### Problem description:
The answer is the exact run of lines in the listing below from the line containing "el pequeño comunicado." up to and including the line containing "Minimalist San Diego", with pictures removed.

### Listed records:
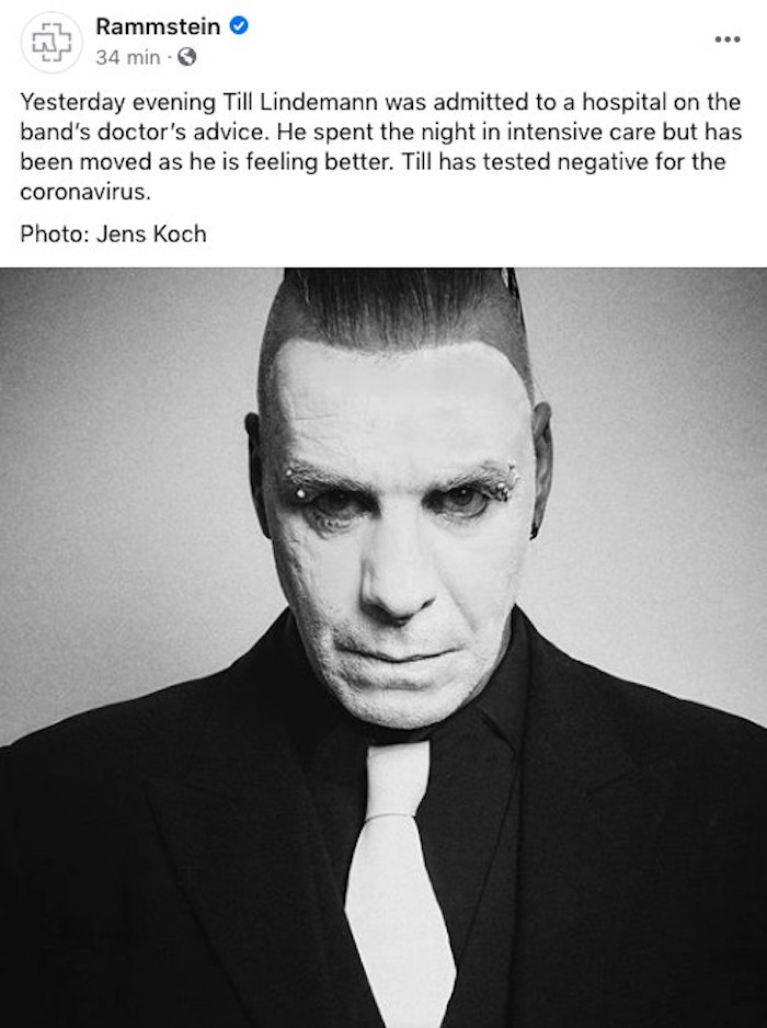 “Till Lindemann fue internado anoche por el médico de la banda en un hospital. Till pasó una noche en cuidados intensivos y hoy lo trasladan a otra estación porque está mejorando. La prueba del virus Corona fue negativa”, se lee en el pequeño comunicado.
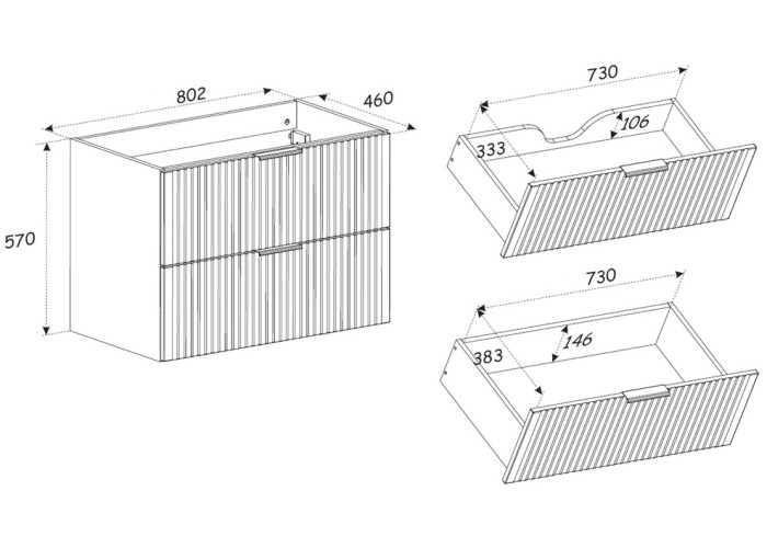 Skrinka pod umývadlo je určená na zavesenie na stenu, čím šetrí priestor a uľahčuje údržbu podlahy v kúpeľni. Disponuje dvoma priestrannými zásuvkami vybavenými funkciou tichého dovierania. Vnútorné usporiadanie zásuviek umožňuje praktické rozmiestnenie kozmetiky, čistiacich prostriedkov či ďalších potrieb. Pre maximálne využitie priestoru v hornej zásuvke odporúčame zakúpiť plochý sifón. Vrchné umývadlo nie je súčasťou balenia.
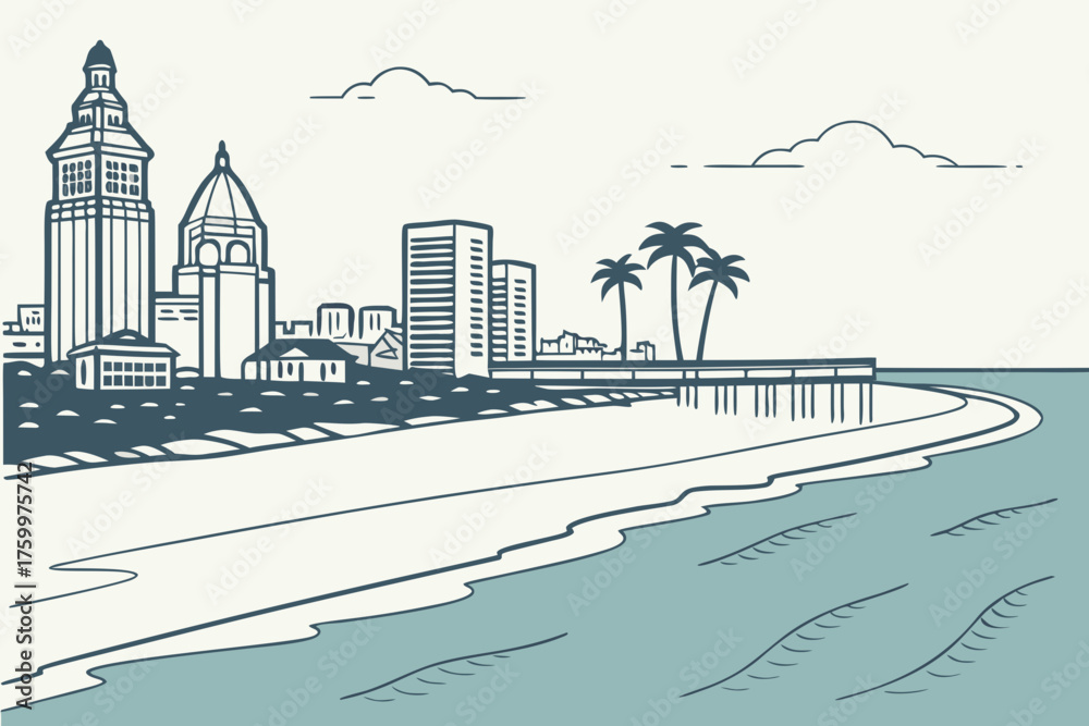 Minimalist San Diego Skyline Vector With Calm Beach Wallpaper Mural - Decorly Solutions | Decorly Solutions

* * *

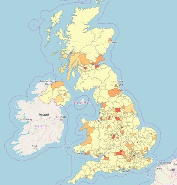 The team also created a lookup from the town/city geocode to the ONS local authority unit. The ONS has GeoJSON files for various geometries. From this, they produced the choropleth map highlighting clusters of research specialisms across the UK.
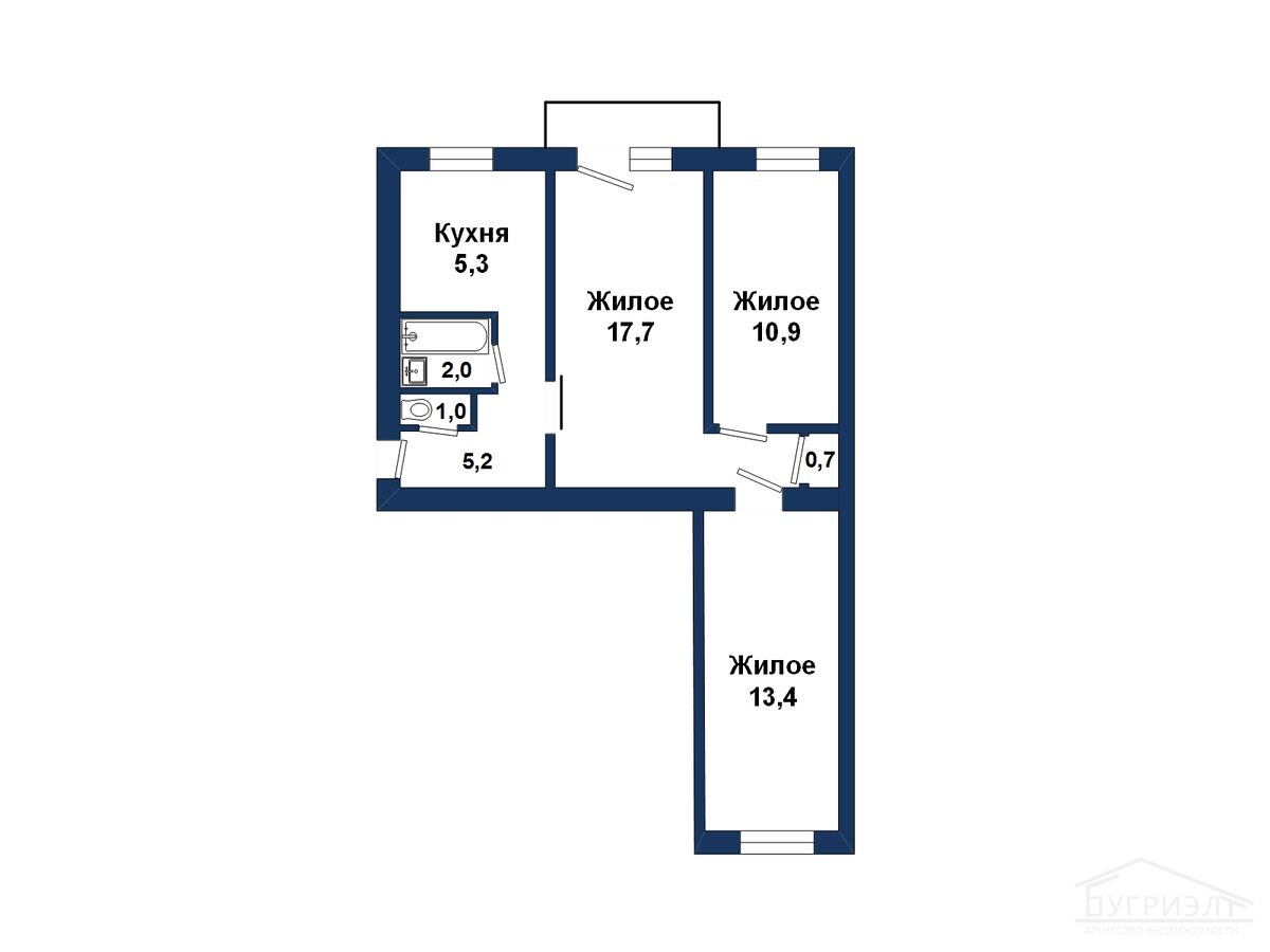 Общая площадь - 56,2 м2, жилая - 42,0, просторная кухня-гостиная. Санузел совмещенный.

### Output for this exercise:
 “Till Lindemann fue internado anoche por el médico de la banda en un hospital. Till pasó una noche en cuidados intensivos y hoy lo trasladan a otra estación porque está mejorando. La prueba del virus Corona fue negativa”, se lee en el pequeño comunicado.
 Skrinka pod umývadlo je určená na zavesenie na stenu, čím šetrí priestor a uľahčuje údržbu podlahy v kúpeľni. Disponuje dvoma priestrannými zásuvkami vybavenými funkciou tichého dovierania. Vnútorné usporiadanie zásuviek umožňuje praktické rozmiestnenie kozmetiky, čistiacich prostriedkov či ďalších potrieb. Pre maximálne využitie priestoru v hornej zásuvke odporúčame zakúpiť plochý sifón. Vrchné umývadlo nie je súčasťou balenia.
 Minimalist San Diego Skyline Vector With Calm Beach Wallpaper Mural - Decorly Solutions | Decorly Solutions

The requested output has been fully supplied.